I can make a British style garden. A space that isn’t solely for me but that reminds me of home. That there is a place where people can rest and enjoy the flowers in somewhat private surroundings. For, just as they differ from the British in so many ways, the Americans differ in the way they garden (not that they call it a garden, that just means vegetables, they call it a yard).


The Mid-Western garden often ends up being planted, in my experience, in one of two predominant ways. One technique employed is to plant a bunch of evergreens like juniper, shade loving plants like hostas and cover everything in huge piles of impermeable mulch so no weeds are ever to be seen and very little watering has to take place. The other technique is what is known in garden design as “prairie style” planting, this uses native plants like Coneflowers (Echinacea), Black Eyed Susans (Rudbeckia) and things like Goldenrod in big drifts of planting that again have huge amounts of mulch thrown upon it so again there are few weeds and limited watering. 


I generalise, of course, but the Mid-Western approach to gardening appears to be based on a need for conformity, “curb appeal” and low maintenance. There is a desire it seems for a garden you plant once, at the beginning of the season and then forget about. The only gardeners who approach this differently are vegetable gardeners who essentially create mini allotments somewhere on their property and very rarely seem to bother about flowers at all.



I love, and miss, the English country garden, the window boxes of the urban high rises. When we drive through small Wisconsin villages, I find myself longing for dry stone walls and impossibly full and bursting cottage gardens, all wisteria climbing up the walls and roses in every corner.

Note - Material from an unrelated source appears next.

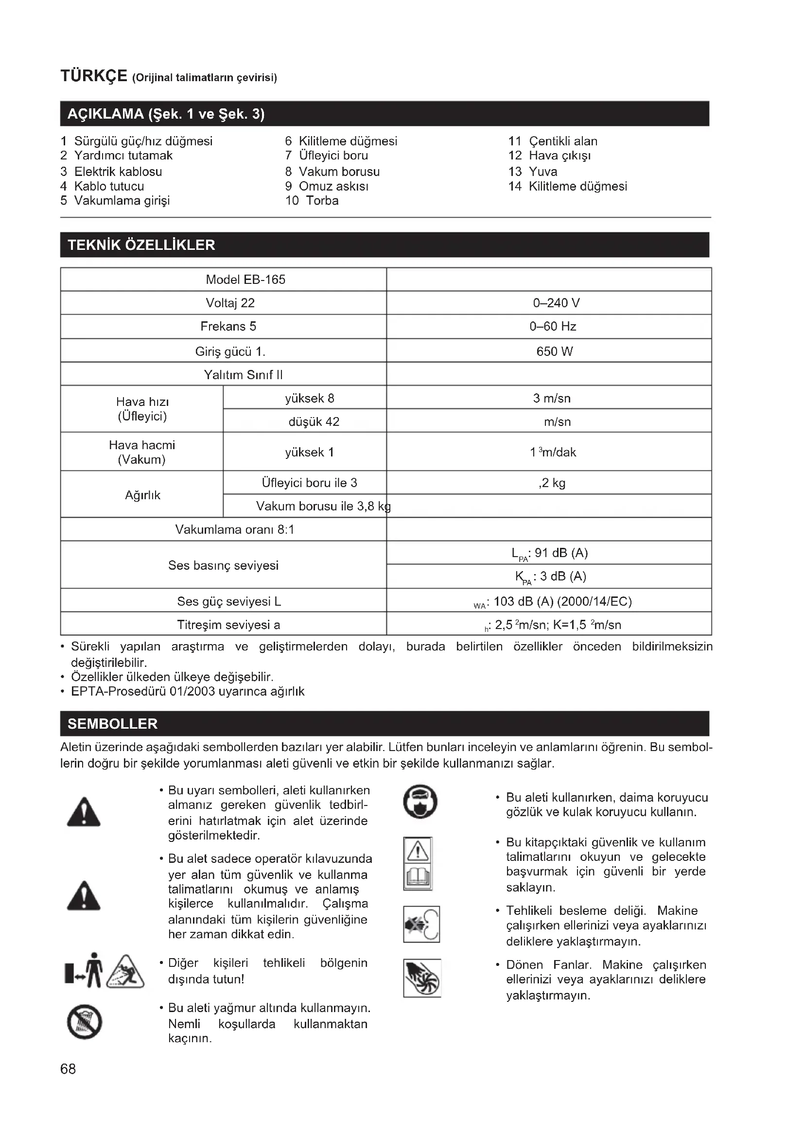 Model EB-165 Voltaj 22 0–240 V Frekans 5 0–60 Hz Giriş gücü 1. 650 W Yalıtım Sınıf II Hava hızı (Üeyici) yüksek 8 3 m/sn düşük 42 m/sn Hava hacmi (Vakum) yüksek 1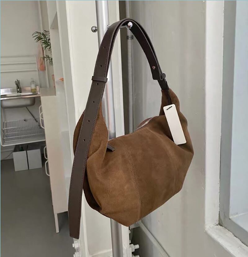 ハーフムーン フェイクスエードトートバッグ ビノスエード半月バックラウンドショルダーバッグクロスバッグ

I like gardening. Gardening that I have to come back to, progress that I can track, the passing of the seasons. Seed trays and starter mix inside while there’s still snow on the ground outside; a table and chairs under the shade of our apple tree out on the patio.


 I don’t exactly like weeding, but I appreciate that its necessity means that I must be doing something right. I enjoy trimming trees with a hand saw not a chain saw and pruning bushes with a pair of secateurs not a hedge trimmer, because it's not about how quickly I can get things done. I love that much of my garden isn’t productive past flowers that are ephemeral in nature and a general feeling of well-being that it gives me. 


I love that gardening connects me to my mother and father, my grandparents and my whole nation. Somehow, gardening makes me able to square the circle of living as something of an exile, I can garden like an Englishman would garden and create a sanctuary in a Mid-western neighbourhood on the East-side of Madison, Wisconsin.


I call it Heritage Hollow, because everyone knows that any self-respecting British house and garden needs a name and not just a number. Going forward I’m going to try to write about how well I’m succeeding and how I’m failing in this endeavour. I hope you’ll do bless with reading my humble scratchings.